DNA was extracted from tail tip or ear biopsy by the Hot Shot method (Truett et al. 2000). Mice were genotyped using polymerase chain reaction (PCR) for the presence of Serf2 (control primers f: 5′- CTC CGG CGT CTC ACT TTG TAC CT -3′ r: 5′- CAC TCT GCC CCT CAC ATC TAA CC-3′, Serf2 knockout specific primers f: 5′- AAG GCG CAT AAC GAT ACC AC -3′ r: 5′- ACT GAT GGC GAG CTC AGA CC -3′); giving a 274 bp product for the wildtype (WT) allele and a 174 bp product for the targeted allele. The PCR buffer was: 1 × MegaMix Blue Buffer (supplied as 10 × stock, Microzone) and 1 μM of each genotyping primer, PCR conditions were as follows: 95 °C for 1 min, 30 cycles at 95 °C for 10 s, 60 °C for 10 s, 72 °C for 1 s, and 1 cycle of 72 °C for 30 s. PCR products were resolved by electrophoresis on 2% agarose gels in TBE (Tris–Borate-EDTA) with 1 μg/ml GelRed® (Biotium), run at 100 V and constant current.

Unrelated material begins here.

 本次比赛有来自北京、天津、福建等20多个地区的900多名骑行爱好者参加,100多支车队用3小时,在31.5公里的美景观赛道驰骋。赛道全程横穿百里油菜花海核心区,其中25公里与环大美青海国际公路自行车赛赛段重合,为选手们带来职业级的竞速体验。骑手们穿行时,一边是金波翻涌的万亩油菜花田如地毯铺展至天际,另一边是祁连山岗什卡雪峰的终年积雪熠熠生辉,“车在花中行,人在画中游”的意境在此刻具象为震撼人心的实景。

RNA extraction and quantitative RT-PCR

Total cortical RNA was extracted using the RNeasy® mini kit (Qiagen). Tissue (Cohort B animals) was disrupted using a TissueRuptor® (Qiagen), and the protocol followed as per the manufacturer’s instructions, samples were defrosted and homogenised on ice. Final extracted RNA was eluted in DNase- and RNase-free water. Amounts of RNA were equalised and cDNA was generated using the SuperScript™ First-Strand Synthesis System for RT-PCR (Invitrogen). Quantitative PCR was undertaken to determine expression of all isoforms of Serf2 (primers f: 5′-ATG ACC CGC GGT AAC CAG-3′ r: 5′-GAA GAA GCA GAG CGA CTC GG-3′ probe FAM-CGA GAG CTC GCC CGC CAG AAG AAC A). Mouse β-actin (Actb) control mix (4354315 Applied Biosystems) was used as an endogenous control with a VIC® dye-labelled TaqMan® MGB probe. Minus reverse-transcriptase controls were run for every sample for all reactions. No evidence of genomic amplification was detected (Wiseman et al. 2018).

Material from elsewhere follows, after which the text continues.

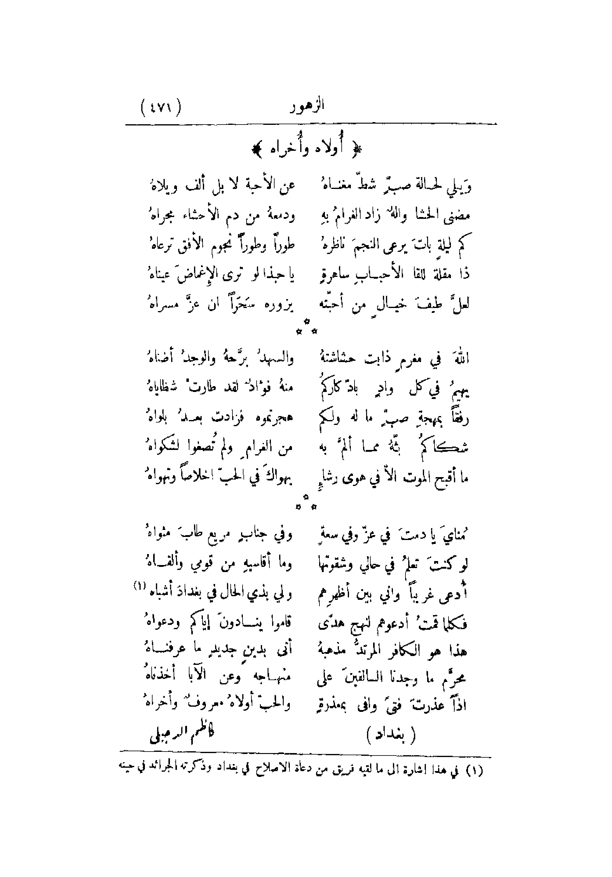 أُدعي غريباً وإني بين أظهرِهم ... ولي بذي الحال في بغدادَ أشباه

Tissue preparation and western blotting

For analysis of protein abundance in the cortex, tissue (Cohort B animals) was dissected under ice-cold PBS before snap freezing. Samples were then homogenised in RIPA Buffer (150 mM sodium chloride, 50 mM Tris, 1% NP-40, 0.5% sodium deoxycholate, 0.1% sodium dodecyl sulphate) plus complete protease inhibitors (Calbiochem) by mechanical disruption. Total protein content was determined by Bradford assay. Samples from individual animals were run separately and were not pooled. Equal amounts of total brain proteins were then denatured in LDS denaturing buffer (Invitrogen) and β-mercaptoethanol, prior to separation by SDS-PAGE gel electrophoresis using precast 4–12% Bis–Tris gels (Invitrogen). Proteins were transferred to nitrocellulose membranes prior to blocking in 5% milk/PBST (0.05% Tween-20). Primary antibodies were diluted in 1% BSA/PBST, HRP conjugated secondary anti-rabbit and anti-mouse antibodies (Dako) were diluted 1:5000 in 1% BSA/PBST. Primary antibodies against SERF2 (Proteintech 11691-1-AP, 1:1000) and β-actin (Sigma A5441, 1:60,000) were used.

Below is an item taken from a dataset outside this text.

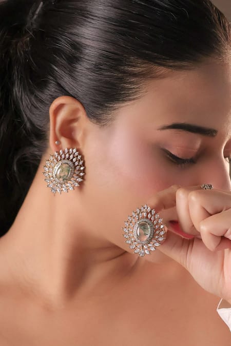 Green Stones, Crystals Victorian Statement Studs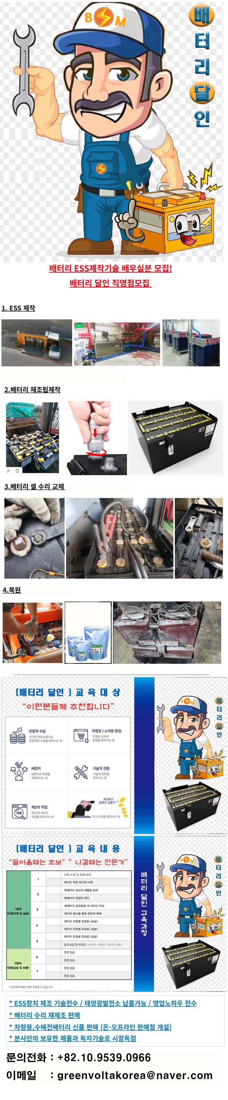 저희 그린볼타의 주요 사업은 폐배터리 재생사업이며 주로 골프카트 배터리 ,일렉트릭포크리프트,파렛잭,스카이잭 그리고 자동차 AGM배터리를 재생을하고 있습니다

Gene expression analysis in adult mice

For analysis of gene expression by X-gal staining (Cohort C) the following protocol was undertaken. Day 1—All solutions at pH 8.0. Adult, anaesthetised mice between 8–16 weeks of age were perfused using ~ 40 ml 4% PFA in PBS over 15 min. A standard set of tissues were extracted (Supplementary Table S1) and placed into 200 ml 4% PFA to fix for a further 30 min on ice. The brain was cut sagittally using a brain matrix into ~ 1 mm sections that were placed into a histological cassette. All tissues were then subject to 3 × 20 min washes in 200 ml 1 × PBS at 4 °C. Tissues were then incubated in 200 ml LacZ solution (2 mM MgCl2.H20, 0.02% IGEPAL, 5 mM potassium ferrocyanide, 5 mM potassium ferricyanide, 10% sodium deoxycholate, 1 mg/ml X-gal in dimethylformamide made up in 1 × PBS and filtered using a 0.2 μM steritop filter) for 48 h at 4 °C. Day 3—Tissues were washed 2 × 30 min 1 × PBS followed by an overnight post-fix in 4% PFA. Day 4—Tissues were rinsed with 1 × PBS and kept overnight in 50% glycerol (in PBS). Day 5—The glycerol was replaced with 70% glycerol (in PBS) and samples were kept in the dark at 4 °C until imaging. Imaging was carried out on a Leica M165C stereo microscope using a Jenoptik ProgRes speed XTcore5 camera and images stored in an iMagic IMS client as a JPEG.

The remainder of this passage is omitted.